▶ [Supplied information]
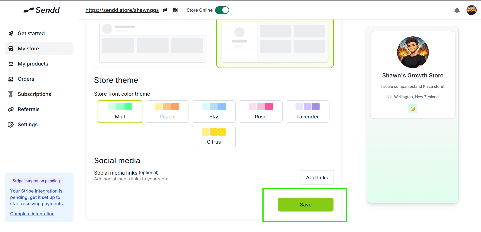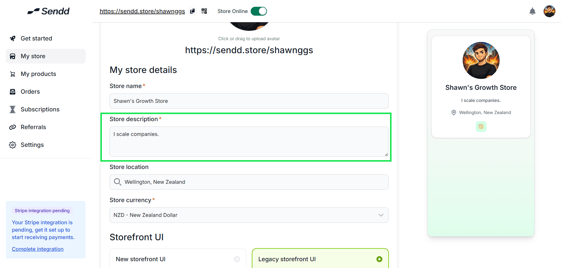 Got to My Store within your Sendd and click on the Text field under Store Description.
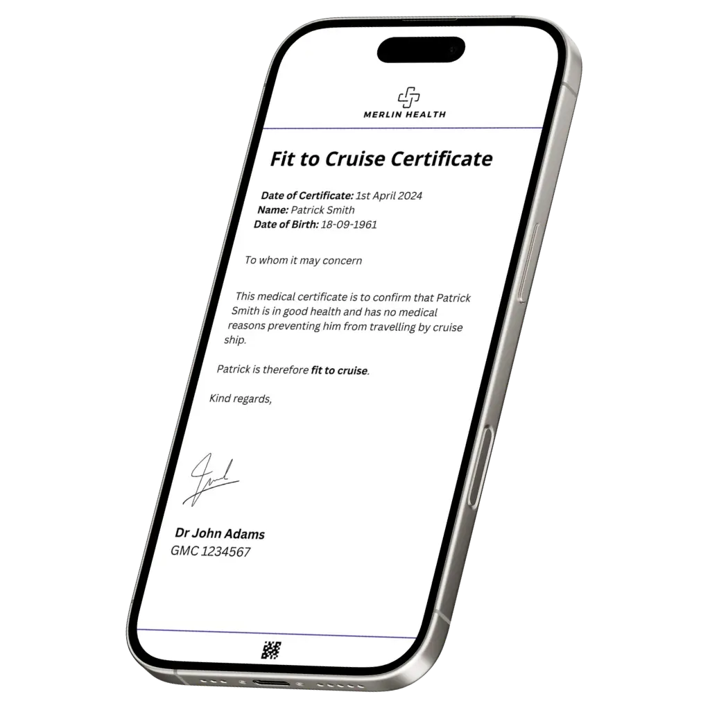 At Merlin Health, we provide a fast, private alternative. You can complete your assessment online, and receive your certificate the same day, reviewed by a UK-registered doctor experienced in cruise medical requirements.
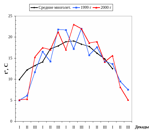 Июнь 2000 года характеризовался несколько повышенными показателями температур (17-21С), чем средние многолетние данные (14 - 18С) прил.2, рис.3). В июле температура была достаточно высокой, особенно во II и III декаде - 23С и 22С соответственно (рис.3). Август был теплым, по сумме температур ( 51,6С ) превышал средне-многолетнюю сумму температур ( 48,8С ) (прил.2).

...

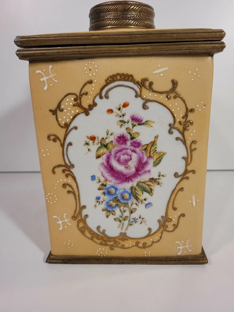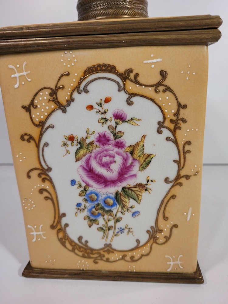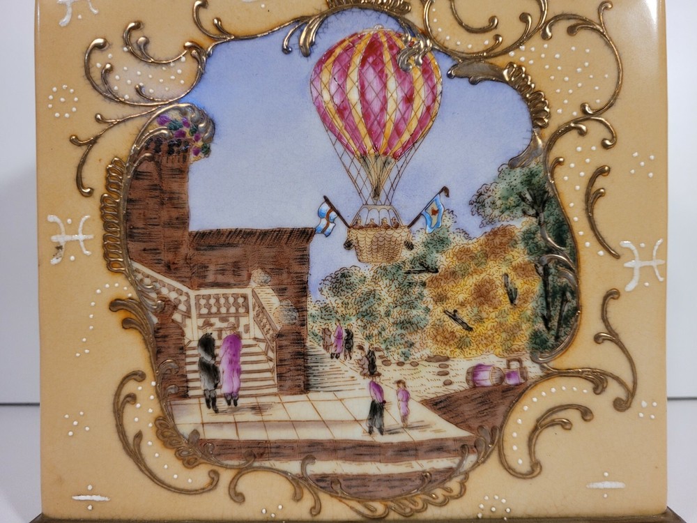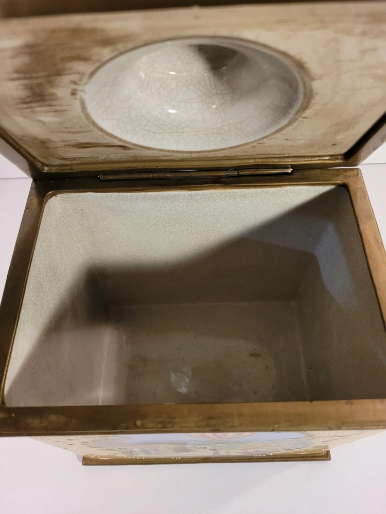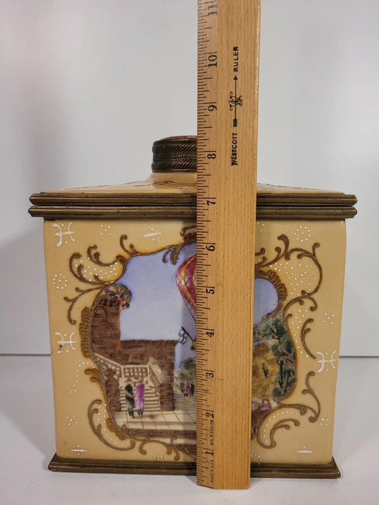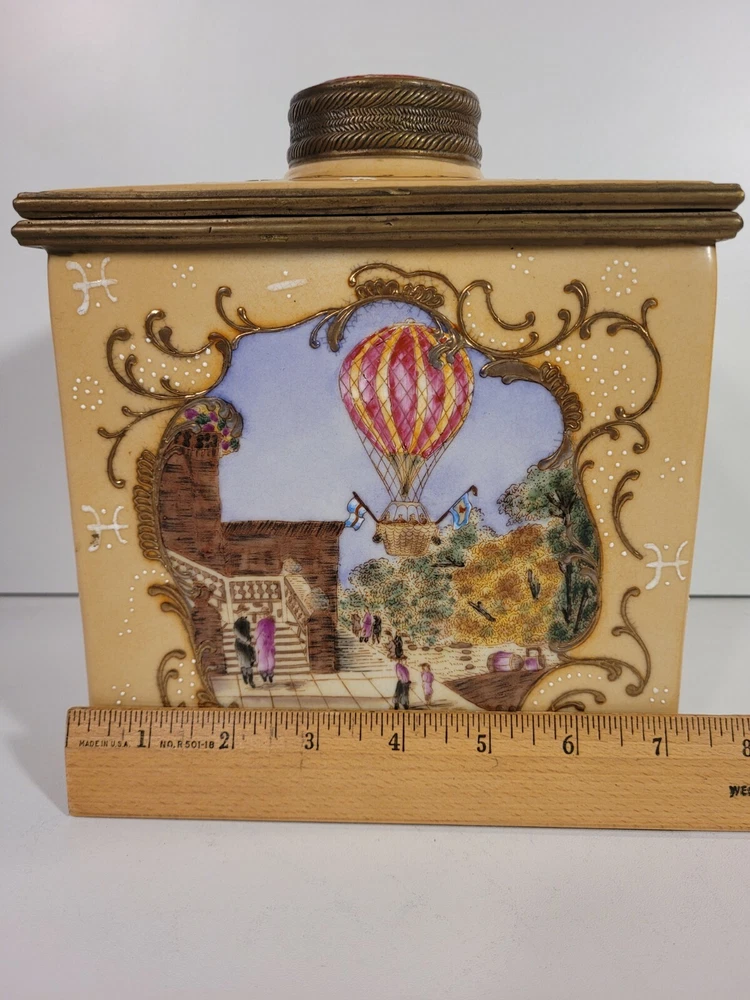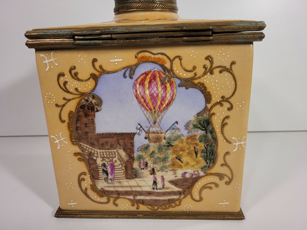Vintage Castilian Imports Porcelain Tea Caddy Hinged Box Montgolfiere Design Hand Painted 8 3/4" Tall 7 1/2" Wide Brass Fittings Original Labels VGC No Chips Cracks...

▶ [Work instructions] Please return the material above only from the line that holds "Got to My Store" through the line that holds "Июнь 2000 года", exactly as it stands, ends included and pictures omitted.

▶ [Response area]
 Got to My Store within your Sendd and click on the Text field under Store Description.
 At Merlin Health, we provide a fast, private alternative. You can complete your assessment online, and receive your certificate the same day, reviewed by a UK-registered doctor experienced in cruise medical requirements.
 Июнь 2000 года характеризовался несколько повышенными показателями температур (17-21С), чем средние многолетние данные (14 - 18С) прил.2, рис.3). В июле температура была достаточно высокой, особенно во II и III декаде - 23С и 22С соответственно (рис.3). Август был теплым, по сумме температур ( 51,6С ) превышал средне-многолетнюю сумму температур ( 48,8С ) (прил.2).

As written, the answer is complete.